* [Task statement]: Would you transcribe only the lines from the one holding "Замок состоит из" through the end of the material, exactly, without any pictures?
Entries provided section start
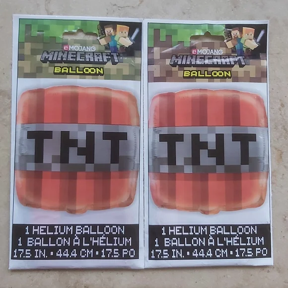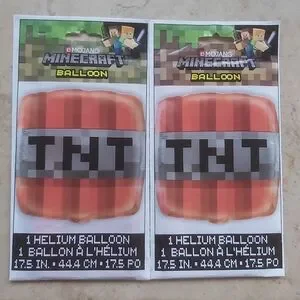 Two Minecraft-themed helium balloons featuring TNT design. Perfect for parties and events.
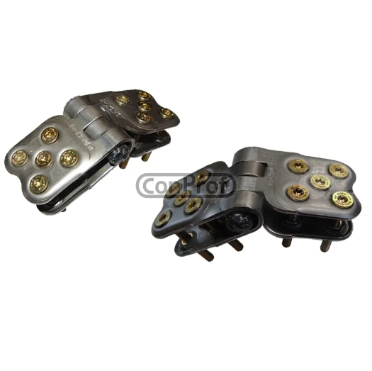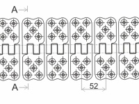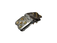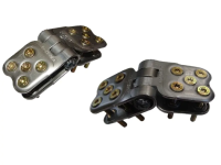 Замок состоит из шарнирных неразъемных сегментов с тремя винтами в каждом звене. Болт крепится при помощи гайки. Предварительно требуется сверление отверстий в ленте под болты.
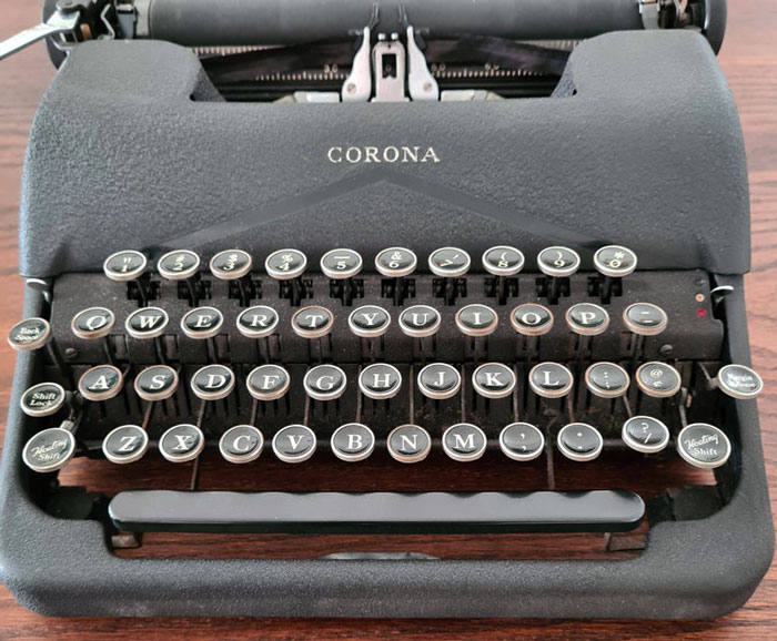 My mother had a portable typewriter, a Smith Corona. Heavy, cold and patinated with a funny tough paint in battleship grey like a wrinkled old lemon peel. The keys were smooth raised letters encircled with little chrome rings. They required force to make the little teeth land on the paper. I was always fascinated by her pounding away so fast without looking at the keys and regret not learning to touch type.
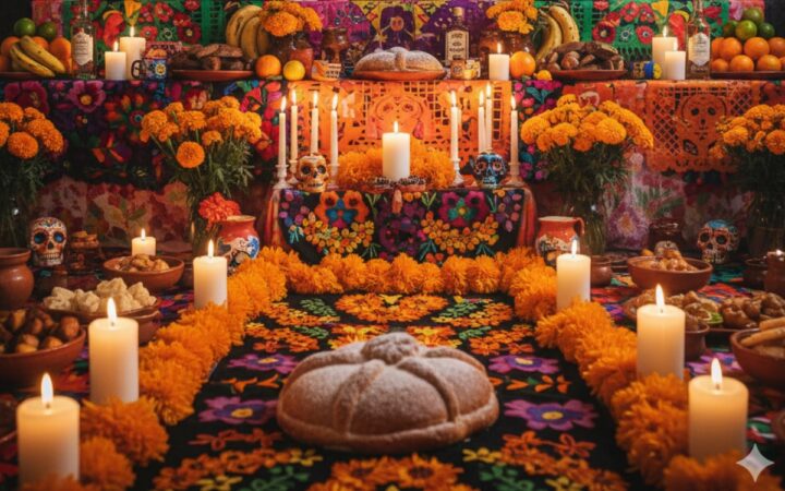 Uno de los elementos más representativos de las ofrendas, el pan de muerto tiene un origen complejo que mezcla prácticas prehispánicas, imposiciones coloniales y una evolución culinaria que continúa hasta nuestros días.
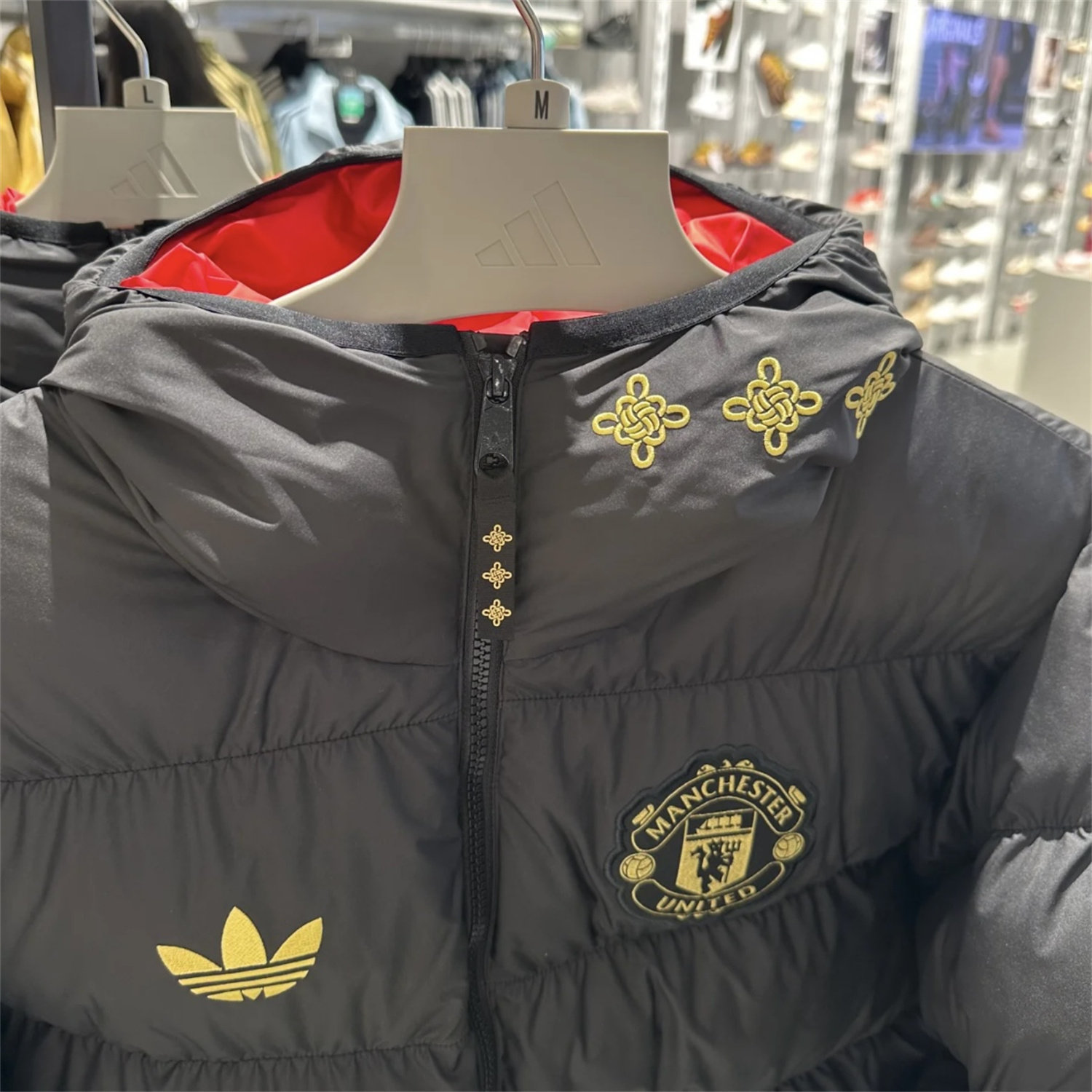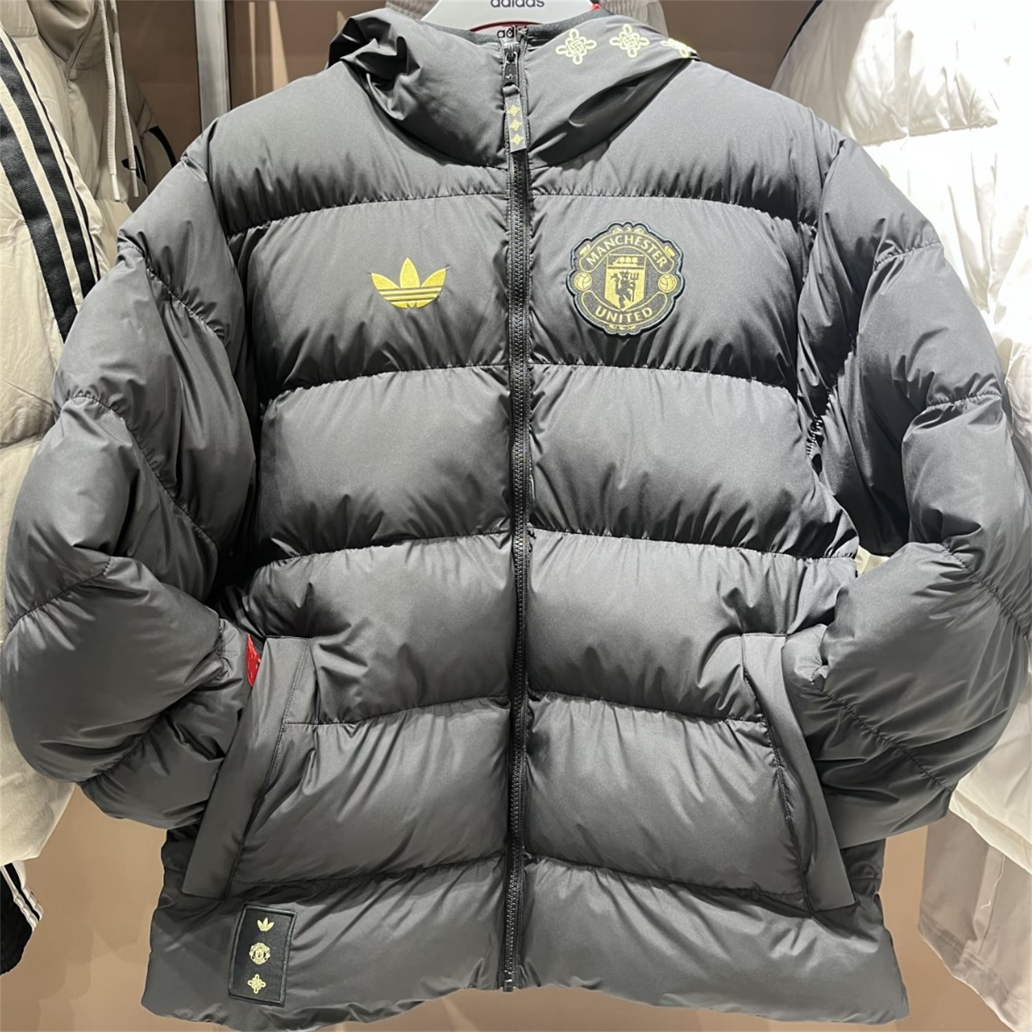 Adidas三叶草 曼联中国年限定运动休闲足球连帽棉服外套 JM5567
Entries provided section end
* [Task solution]:
 Замок состоит из шарнирных неразъемных сегментов с тремя винтами в каждом звене. Болт крепится при помощи гайки. Предварительно требуется сверление отверстий в ленте под болты.
 My mother had a portable typewriter, a Smith Corona. Heavy, cold and patinated with a funny tough paint in battleship grey like a wrinkled old lemon peel. The keys were smooth raised letters encircled with little chrome rings. They required force to make the little teeth land on the paper. I was always fascinated by her pounding away so fast without looking at the keys and regret not learning to touch type.
 Uno de los elementos más representativos de las ofrendas, el pan de muerto tiene un origen complejo que mezcla prácticas prehispánicas, imposiciones coloniales y una evolución culinaria que continúa hasta nuestros días.
 Adidas三叶草 曼联中国年限定运动休闲足球连帽棉服外套 JM5567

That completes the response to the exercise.